Below this line are records; write out exactly the lines from the one containing "ウエストがマークされるデザイ" through the one containing "The TSPM and CCC together", with the pictures left out.

------------

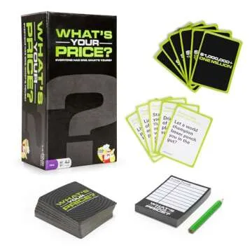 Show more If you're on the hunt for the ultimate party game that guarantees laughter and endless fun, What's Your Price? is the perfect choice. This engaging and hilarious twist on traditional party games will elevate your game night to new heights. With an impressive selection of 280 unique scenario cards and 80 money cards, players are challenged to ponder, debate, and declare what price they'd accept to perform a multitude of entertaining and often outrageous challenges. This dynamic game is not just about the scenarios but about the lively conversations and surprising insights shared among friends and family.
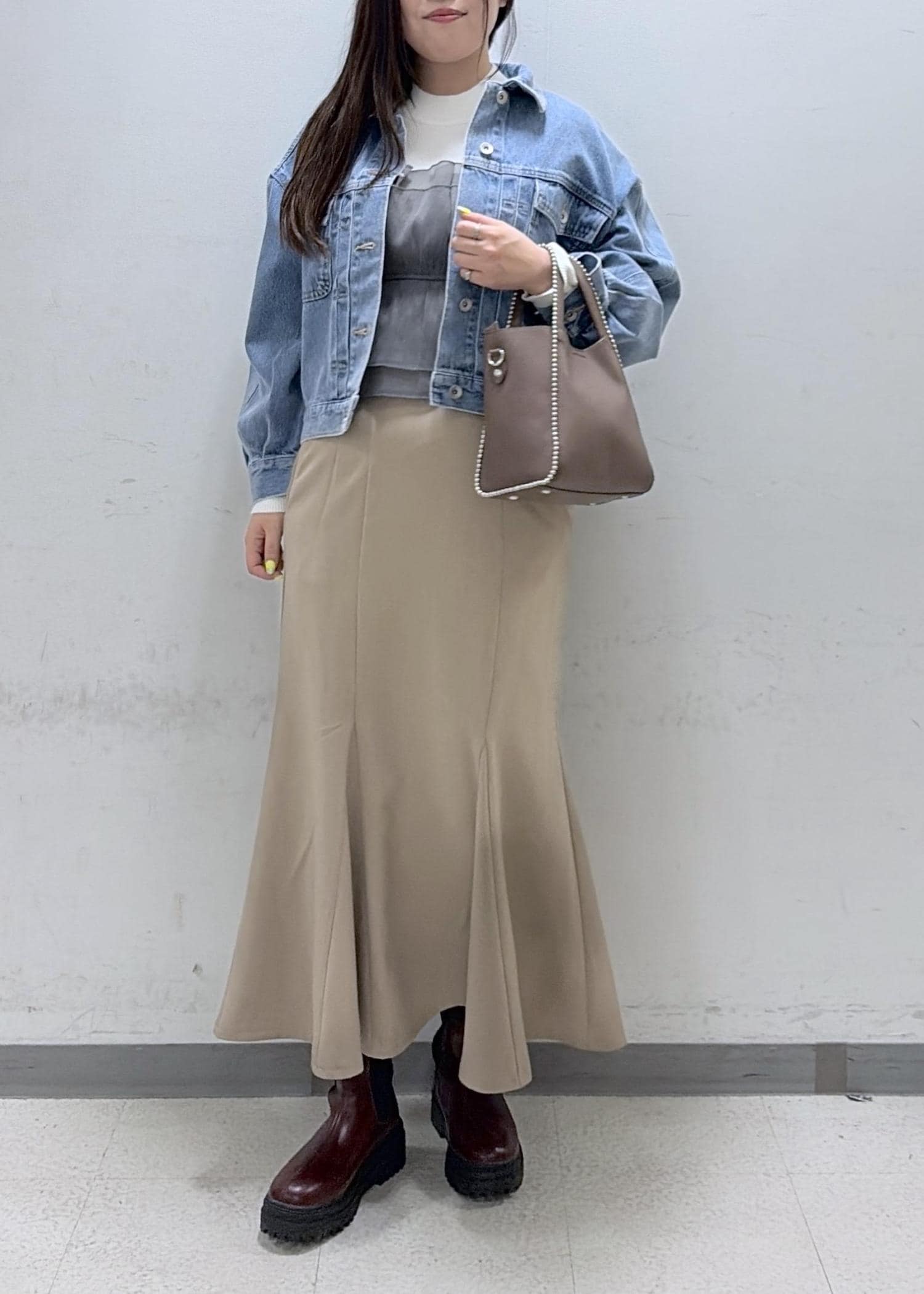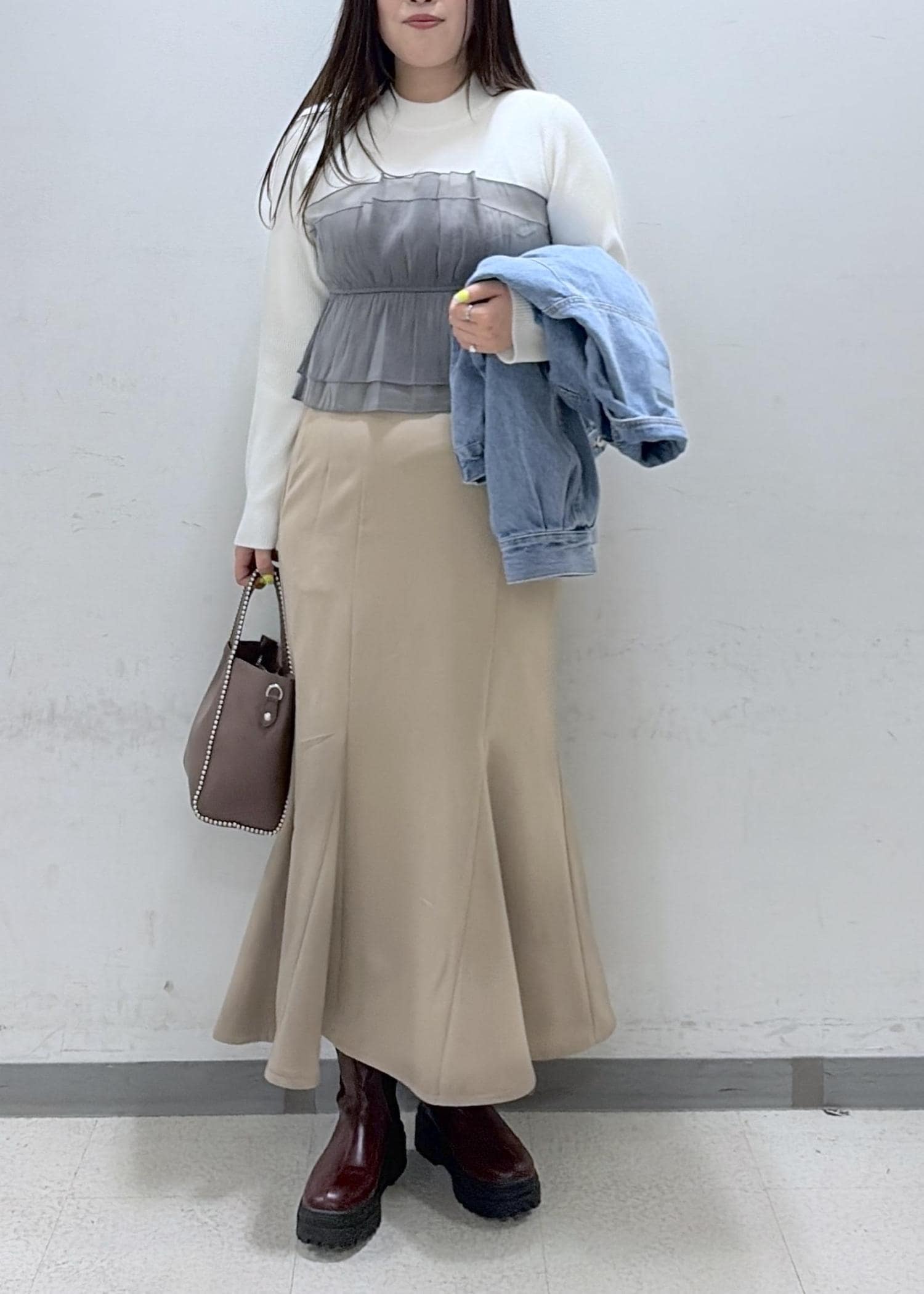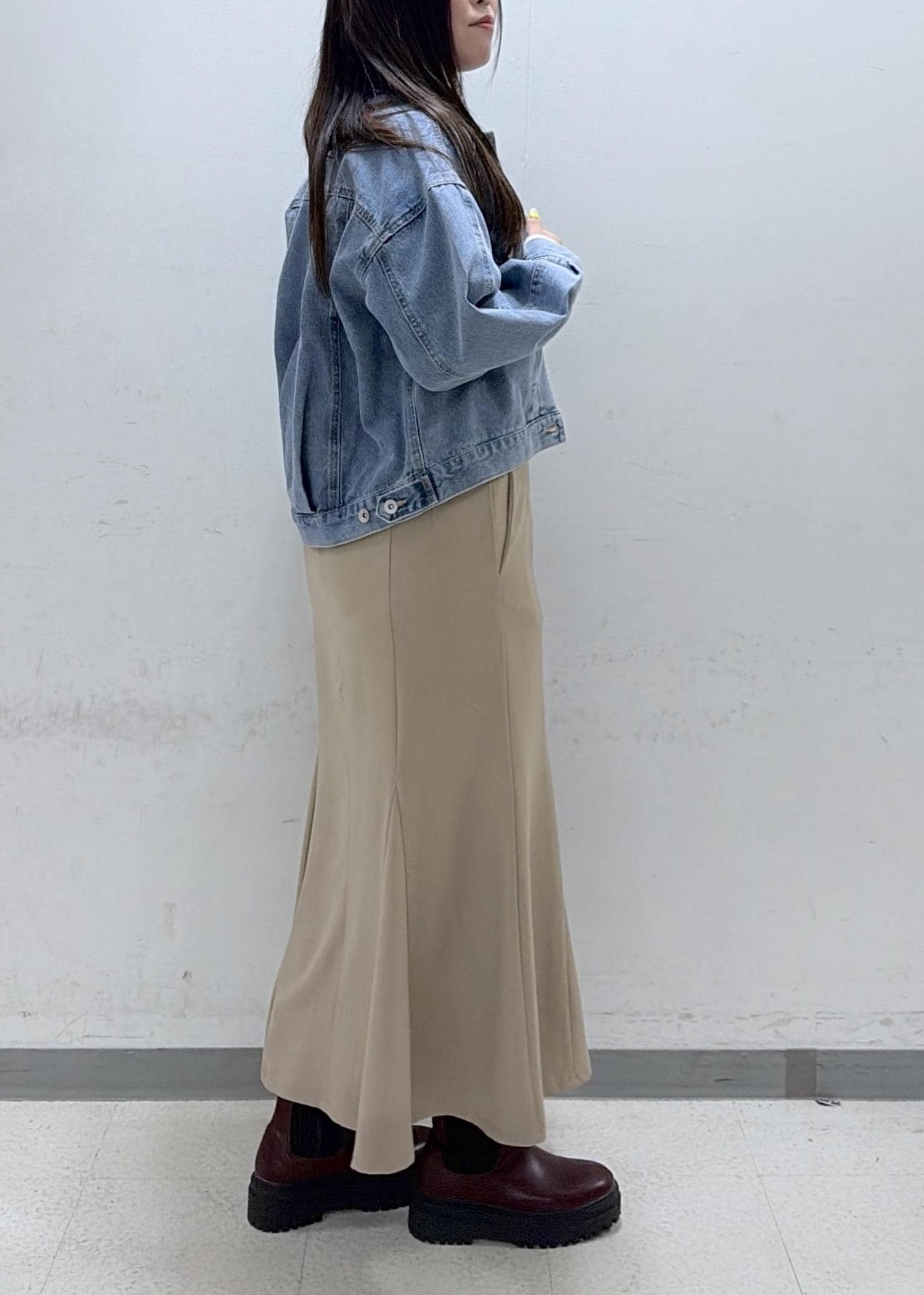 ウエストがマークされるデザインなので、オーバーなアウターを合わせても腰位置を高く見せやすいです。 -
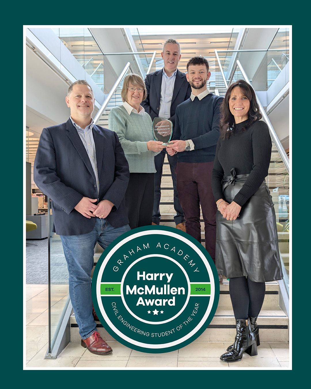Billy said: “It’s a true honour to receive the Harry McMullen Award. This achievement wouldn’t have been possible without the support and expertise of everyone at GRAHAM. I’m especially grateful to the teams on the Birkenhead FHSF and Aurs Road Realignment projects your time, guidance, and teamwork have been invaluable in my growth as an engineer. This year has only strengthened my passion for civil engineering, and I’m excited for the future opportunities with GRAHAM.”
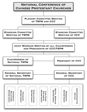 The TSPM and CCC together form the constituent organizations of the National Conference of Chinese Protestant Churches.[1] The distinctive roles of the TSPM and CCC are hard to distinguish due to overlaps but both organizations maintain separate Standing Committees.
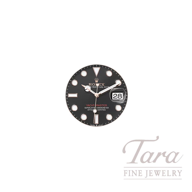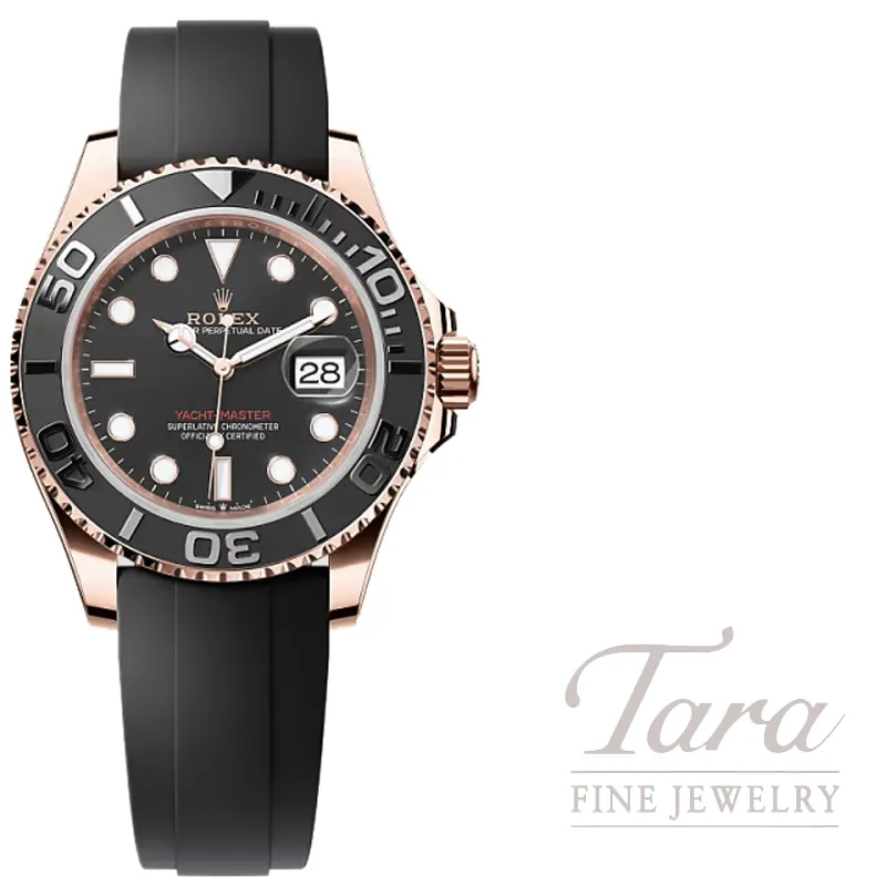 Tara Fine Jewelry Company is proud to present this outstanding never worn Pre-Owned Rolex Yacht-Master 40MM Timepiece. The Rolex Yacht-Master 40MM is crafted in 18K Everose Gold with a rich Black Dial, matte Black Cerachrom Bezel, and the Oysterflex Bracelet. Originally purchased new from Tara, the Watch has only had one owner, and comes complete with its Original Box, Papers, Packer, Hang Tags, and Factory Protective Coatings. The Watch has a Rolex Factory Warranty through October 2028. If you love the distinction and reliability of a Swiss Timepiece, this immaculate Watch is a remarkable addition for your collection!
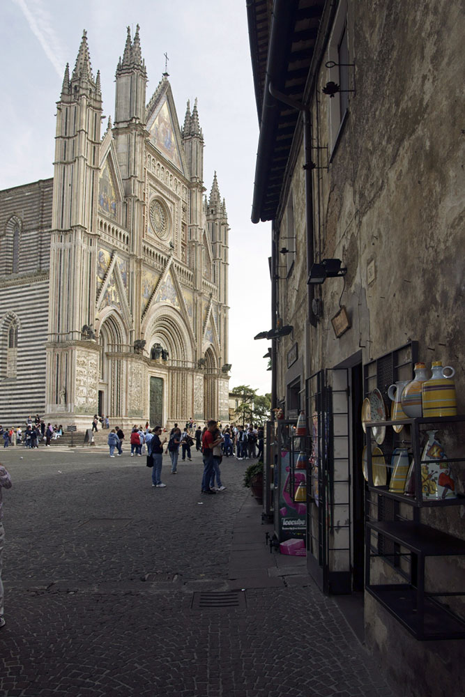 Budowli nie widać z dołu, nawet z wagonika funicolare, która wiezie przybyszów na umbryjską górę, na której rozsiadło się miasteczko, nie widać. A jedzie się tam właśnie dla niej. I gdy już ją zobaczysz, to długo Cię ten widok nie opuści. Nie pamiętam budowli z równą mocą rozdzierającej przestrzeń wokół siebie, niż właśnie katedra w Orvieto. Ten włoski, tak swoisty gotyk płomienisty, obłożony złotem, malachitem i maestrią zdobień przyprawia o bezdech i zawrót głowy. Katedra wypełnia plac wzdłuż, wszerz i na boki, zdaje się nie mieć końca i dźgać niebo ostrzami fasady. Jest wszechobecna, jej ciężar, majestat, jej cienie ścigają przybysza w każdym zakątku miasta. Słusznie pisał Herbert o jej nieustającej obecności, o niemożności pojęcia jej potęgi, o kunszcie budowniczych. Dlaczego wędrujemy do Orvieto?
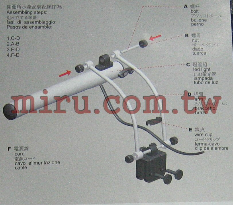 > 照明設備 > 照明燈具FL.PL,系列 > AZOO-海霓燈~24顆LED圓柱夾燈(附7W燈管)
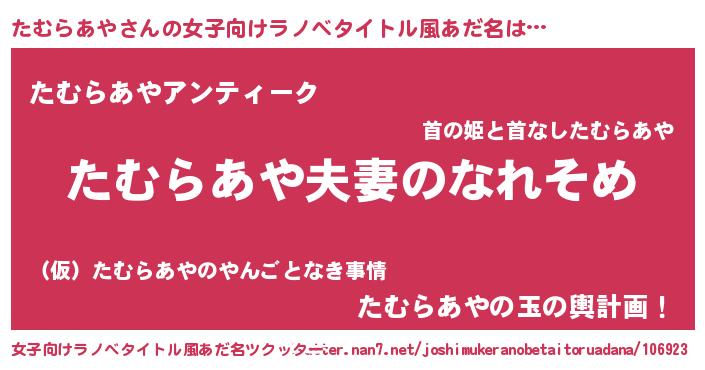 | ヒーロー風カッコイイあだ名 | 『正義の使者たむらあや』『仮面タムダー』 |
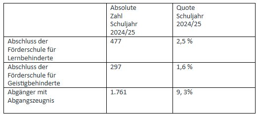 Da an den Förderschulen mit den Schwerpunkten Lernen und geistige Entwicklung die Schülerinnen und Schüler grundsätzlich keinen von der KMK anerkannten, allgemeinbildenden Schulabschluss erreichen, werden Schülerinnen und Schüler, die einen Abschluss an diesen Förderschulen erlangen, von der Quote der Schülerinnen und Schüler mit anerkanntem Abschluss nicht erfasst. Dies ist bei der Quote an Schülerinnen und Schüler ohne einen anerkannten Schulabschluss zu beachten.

------------

== Problem solution ==
 ウエストがマークされるデザインなので、オーバーなアウターを合わせても腰位置を高く見せやすいです。 -
Billy said: “It’s a true honour to receive the Harry McMullen Award. This achievement wouldn’t have been possible without the support and expertise of everyone at GRAHAM. I’m especially grateful to the teams on the Birkenhead FHSF and Aurs Road Realignment projects your time, guidance, and teamwork have been invaluable in my growth as an engineer. This year has only strengthened my passion for civil engineering, and I’m excited for the future opportunities with GRAHAM.”
 The TSPM and CCC together form the constituent organizations of the National Conference of Chinese Protestant Churches.[1] The distinctive roles of the TSPM and CCC are hard to distinguish due to overlaps but both organizations maintain separate Standing Committees.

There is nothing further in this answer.